##### Material to process

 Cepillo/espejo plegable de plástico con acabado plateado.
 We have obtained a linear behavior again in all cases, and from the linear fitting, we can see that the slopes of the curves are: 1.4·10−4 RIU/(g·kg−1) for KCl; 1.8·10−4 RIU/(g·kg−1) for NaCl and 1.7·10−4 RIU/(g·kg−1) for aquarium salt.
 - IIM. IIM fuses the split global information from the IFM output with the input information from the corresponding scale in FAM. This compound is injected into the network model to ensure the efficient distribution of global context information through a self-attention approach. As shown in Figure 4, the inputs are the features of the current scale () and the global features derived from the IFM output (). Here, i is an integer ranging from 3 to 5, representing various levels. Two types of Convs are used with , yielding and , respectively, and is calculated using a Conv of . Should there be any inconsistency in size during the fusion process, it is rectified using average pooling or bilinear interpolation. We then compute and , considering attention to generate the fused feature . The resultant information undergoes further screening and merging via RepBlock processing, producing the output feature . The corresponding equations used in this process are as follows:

##########
##### Material to process

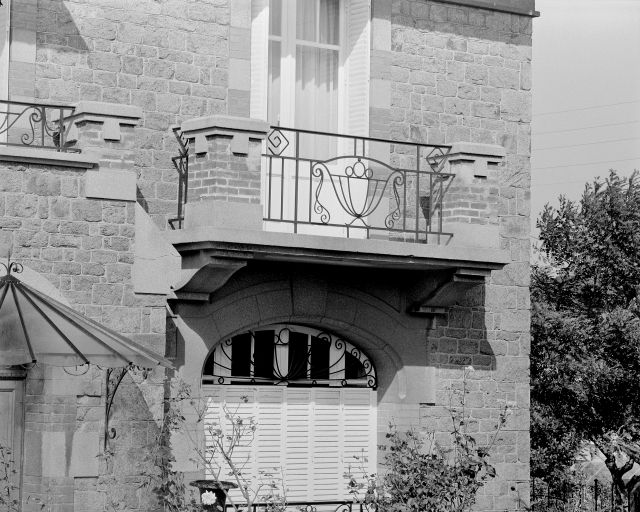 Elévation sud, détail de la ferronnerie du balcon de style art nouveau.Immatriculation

##########
##### Material to process

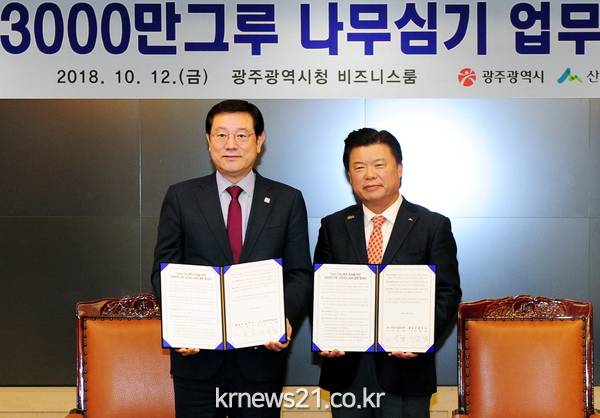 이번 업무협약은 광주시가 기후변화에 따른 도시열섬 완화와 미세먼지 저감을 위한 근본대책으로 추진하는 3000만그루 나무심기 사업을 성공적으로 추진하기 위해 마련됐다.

##########

## Task instructions:
Reproduce the entries above exactly, but only the lines between the line holding "Cepillo/espejo plegable de" and the line holding "We have obtained", inclusive.

## Result for this task:
 Cepillo/espejo plegable de plástico con acabado plateado.
 We have obtained a linear behavior again in all cases, and from the linear fitting, we can see that the slopes of the curves are: 1.4·10−4 RIU/(g·kg−1) for KCl; 1.8·10−4 RIU/(g·kg−1) for NaCl and 1.7·10−4 RIU/(g·kg−1) for aquarium salt.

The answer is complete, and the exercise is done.